What you are asked to do => Please return the full listing exactly as written, with the images removed.

BEGIN Data block

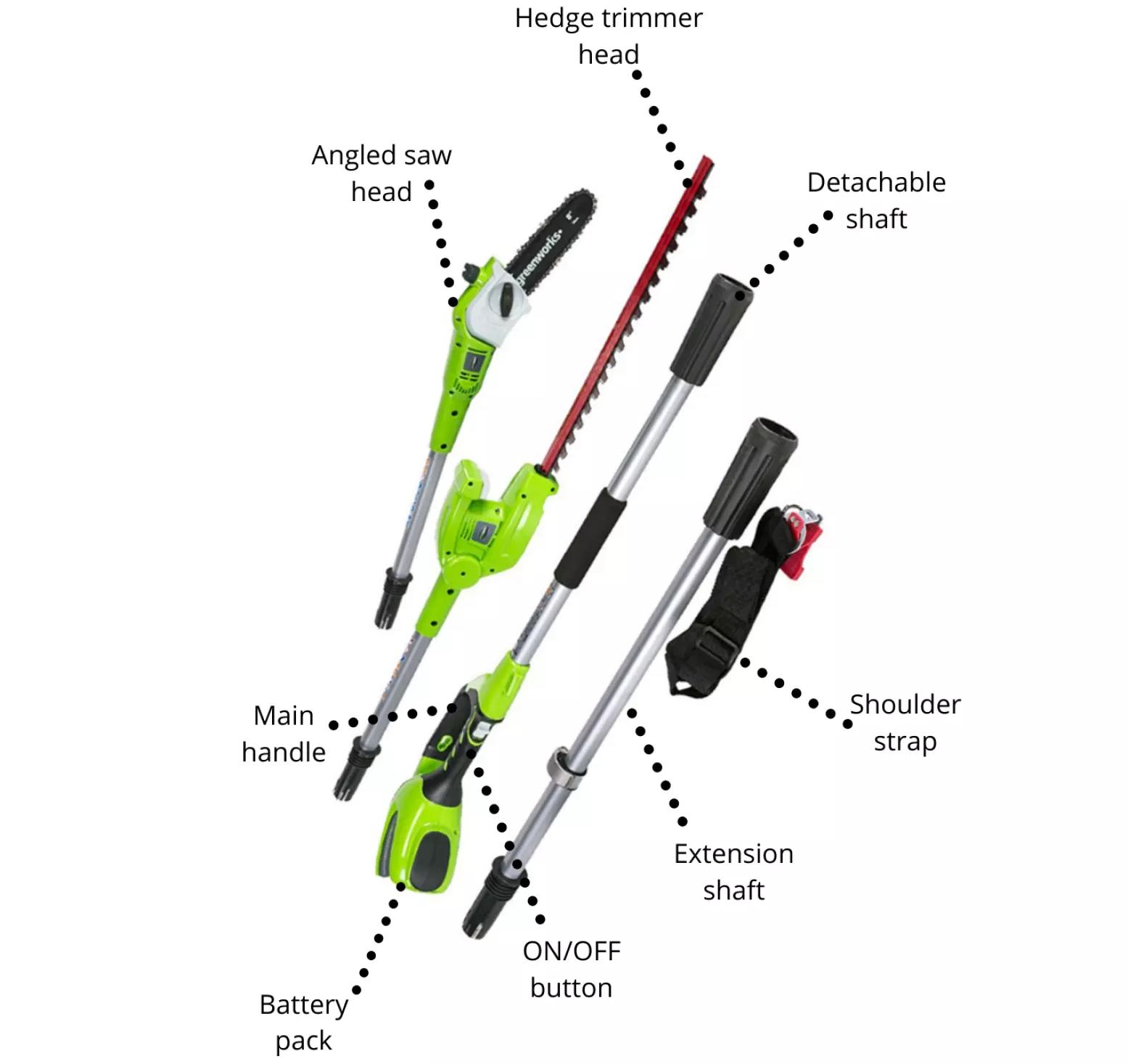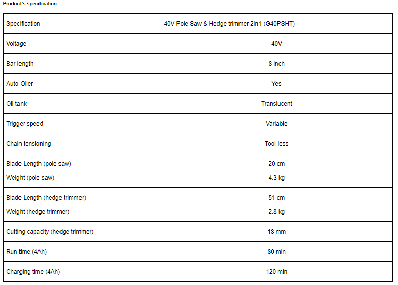 • G40PSHT is a Greenworks 40V battery branch saw and hedge trimmer on stem type which the users have one handle and two machines.
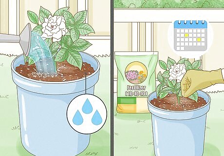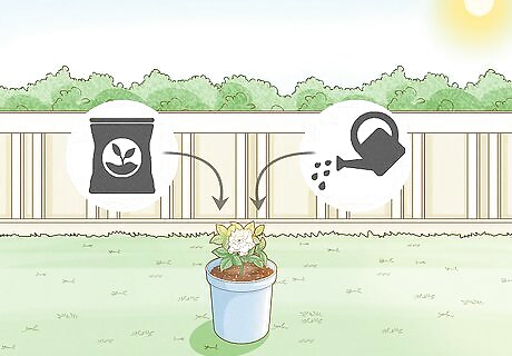 Provide water and fertilizer for your flowers. Different flowers need different amounts of water, but as a general rule of thumb, it’s best to keep the potting mix consistently moist. Additionally, provide balanced 10-10-10 liquid fertilizer for your flowers about twice a month to give them the best shot at survival and healthy growth. Stick your fingers into the top of the potting mix if you aren’t sure if your flowers need to be watered. If the mix feels dry, it’s likely time to water.
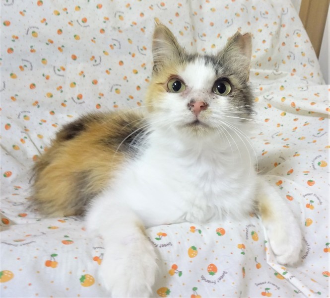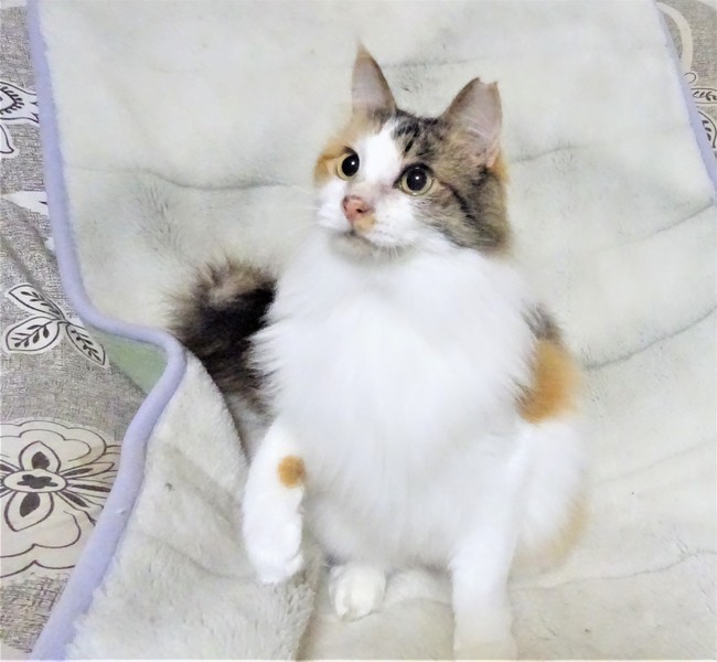| 特徴(性格など) | 淡い三毛の長毛、女子です。飼い主さんが倒れられて意識不明のため、詳しい性格など聞けませんが、病院ではもっと若いかも?と言われています。 ご飯よりも遊びよりも、スリスリが先です。鳴きすぎたのが、声がかすれて出ません。初めは猫と遊べませんでしたが、小さい子猫は抱きかかえるように遊んでやり、大きい子猫には尻尾やかけっこして遊んでやります。 猫じゃらしが好きで夢中になります。 抱っこも脱力して抱けます。 人が好きなので、うんと甘えさせてくださるお家が希望です。 のみ取り済 検便、駆虫済 避妊手術済 ワクチン済 猫エイズ・白血病ウィルスはともに陰性です |

END Data block

Response to the task =>
 • G40PSHT is a Greenworks 40V battery branch saw and hedge trimmer on stem type which the users have one handle and two machines.
 Provide water and fertilizer for your flowers. Different flowers need different amounts of water, but as a general rule of thumb, it’s best to keep the potting mix consistently moist. Additionally, provide balanced 10-10-10 liquid fertilizer for your flowers about twice a month to give them the best shot at survival and healthy growth. Stick your fingers into the top of the potting mix if you aren’t sure if your flowers need to be watered. If the mix feels dry, it’s likely time to water.
| 特徴(性格など) | 淡い三毛の長毛、女子です。飼い主さんが倒れられて意識不明のため、詳しい性格など聞けませんが、病院ではもっと若いかも?と言われています。 ご飯よりも遊びよりも、スリスリが先です。鳴きすぎたのが、声がかすれて出ません。初めは猫と遊べませんでしたが、小さい子猫は抱きかかえるように遊んでやり、大きい子猫には尻尾やかけっこして遊んでやります。 猫じゃらしが好きで夢中になります。 抱っこも脱力して抱けます。 人が好きなので、うんと甘えさせてくださるお家が希望です。 のみ取り済 検便、駆虫済 避妊手術済 ワクチン済 猫エイズ・白血病ウィルスはともに陰性です |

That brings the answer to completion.